> _Data_
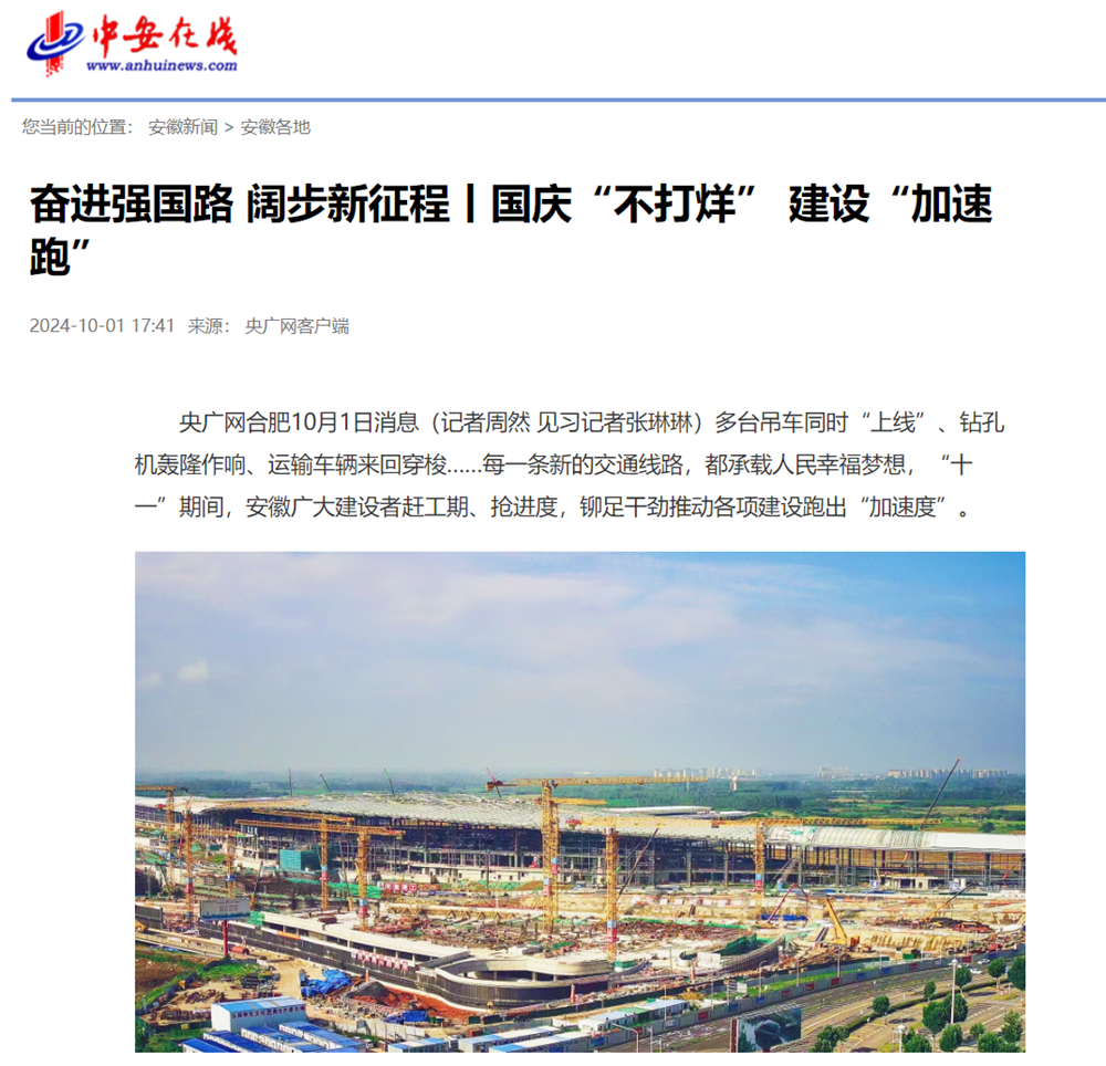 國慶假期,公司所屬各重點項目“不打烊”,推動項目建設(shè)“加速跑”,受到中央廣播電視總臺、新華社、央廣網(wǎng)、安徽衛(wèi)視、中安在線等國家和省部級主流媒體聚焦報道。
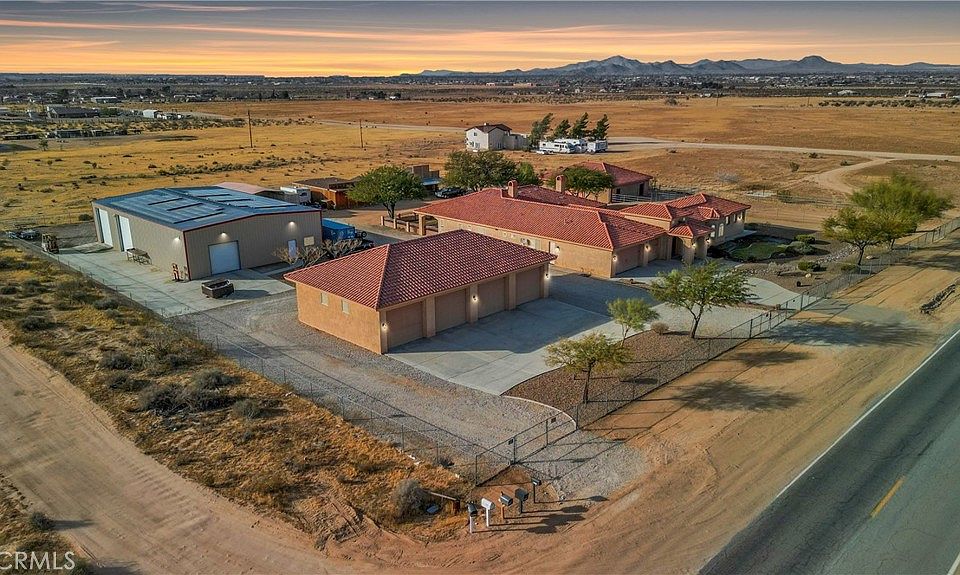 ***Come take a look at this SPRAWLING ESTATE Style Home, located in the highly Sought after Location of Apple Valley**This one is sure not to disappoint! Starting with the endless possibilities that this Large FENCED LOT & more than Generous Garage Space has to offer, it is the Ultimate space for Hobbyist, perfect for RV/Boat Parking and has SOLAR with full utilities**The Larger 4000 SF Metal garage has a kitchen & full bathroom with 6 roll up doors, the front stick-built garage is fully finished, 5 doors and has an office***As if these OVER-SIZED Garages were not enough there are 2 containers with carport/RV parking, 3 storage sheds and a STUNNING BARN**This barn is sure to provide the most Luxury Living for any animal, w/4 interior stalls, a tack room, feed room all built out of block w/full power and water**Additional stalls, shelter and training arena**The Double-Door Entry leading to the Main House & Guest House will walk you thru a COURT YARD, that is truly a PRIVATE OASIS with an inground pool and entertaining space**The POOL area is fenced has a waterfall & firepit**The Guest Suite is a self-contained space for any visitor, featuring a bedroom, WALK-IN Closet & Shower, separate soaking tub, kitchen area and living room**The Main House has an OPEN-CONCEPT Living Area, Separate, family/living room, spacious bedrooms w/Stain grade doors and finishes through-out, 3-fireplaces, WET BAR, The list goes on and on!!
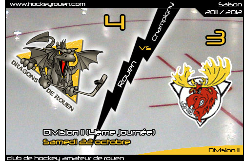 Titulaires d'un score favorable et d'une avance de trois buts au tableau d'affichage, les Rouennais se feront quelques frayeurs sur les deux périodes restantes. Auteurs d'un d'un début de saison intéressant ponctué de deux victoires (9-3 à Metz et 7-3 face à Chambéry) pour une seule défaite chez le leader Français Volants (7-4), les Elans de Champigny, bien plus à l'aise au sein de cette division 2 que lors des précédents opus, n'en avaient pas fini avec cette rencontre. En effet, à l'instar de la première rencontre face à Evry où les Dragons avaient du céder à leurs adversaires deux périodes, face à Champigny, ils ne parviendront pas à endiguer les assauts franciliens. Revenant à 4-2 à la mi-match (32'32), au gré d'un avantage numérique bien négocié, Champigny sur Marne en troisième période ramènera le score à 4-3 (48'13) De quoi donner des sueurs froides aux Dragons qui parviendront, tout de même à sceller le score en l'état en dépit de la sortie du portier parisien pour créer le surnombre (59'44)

> _Required work_
All lines above are to be restated word for word, with pictures excluded.

> _Exercise response_
 國慶假期,公司所屬各重點項目“不打烊”,推動項目建設(shè)“加速跑”,受到中央廣播電視總臺、新華社、央廣網(wǎng)、安徽衛(wèi)視、中安在線等國家和省部級主流媒體聚焦報道。
 ***Come take a look at this SPRAWLING ESTATE Style Home, located in the highly Sought after Location of Apple Valley**This one is sure not to disappoint! Starting with the endless possibilities that this Large FENCED LOT & more than Generous Garage Space has to offer, it is the Ultimate space for Hobbyist, perfect for RV/Boat Parking and has SOLAR with full utilities**The Larger 4000 SF Metal garage has a kitchen & full bathroom with 6 roll up doors, the front stick-built garage is fully finished, 5 doors and has an office***As if these OVER-SIZED Garages were not enough there are 2 containers with carport/RV parking, 3 storage sheds and a STUNNING BARN**This barn is sure to provide the most Luxury Living for any animal, w/4 interior stalls, a tack room, feed room all built out of block w/full power and water**Additional stalls, shelter and training arena**The Double-Door Entry leading to the Main House & Guest House will walk you thru a COURT YARD, that is truly a PRIVATE OASIS with an inground pool and entertaining space**The POOL area is fenced has a waterfall & firepit**The Guest Suite is a self-contained space for any visitor, featuring a bedroom, WALK-IN Closet & Shower, separate soaking tub, kitchen area and living room**The Main House has an OPEN-CONCEPT Living Area, Separate, family/living room, spacious bedrooms w/Stain grade doors and finishes through-out, 3-fireplaces, WET BAR, The list goes on and on!!
 Titulaires d'un score favorable et d'une avance de trois buts au tableau d'affichage, les Rouennais se feront quelques frayeurs sur les deux périodes restantes. Auteurs d'un d'un début de saison intéressant ponctué de deux victoires (9-3 à Metz et 7-3 face à Chambéry) pour une seule défaite chez le leader Français Volants (7-4), les Elans de Champigny, bien plus à l'aise au sein de cette division 2 que lors des précédents opus, n'en avaient pas fini avec cette rencontre. En effet, à l'instar de la première rencontre face à Evry où les Dragons avaient du céder à leurs adversaires deux périodes, face à Champigny, ils ne parviendront pas à endiguer les assauts franciliens. Revenant à 4-2 à la mi-match (32'32), au gré d'un avantage numérique bien négocié, Champigny sur Marne en troisième période ramènera le score à 4-3 (48'13) De quoi donner des sueurs froides aux Dragons qui parviendront, tout de même à sceller le score en l'état en dépit de la sortie du portier parisien pour créer le surnombre (59'44)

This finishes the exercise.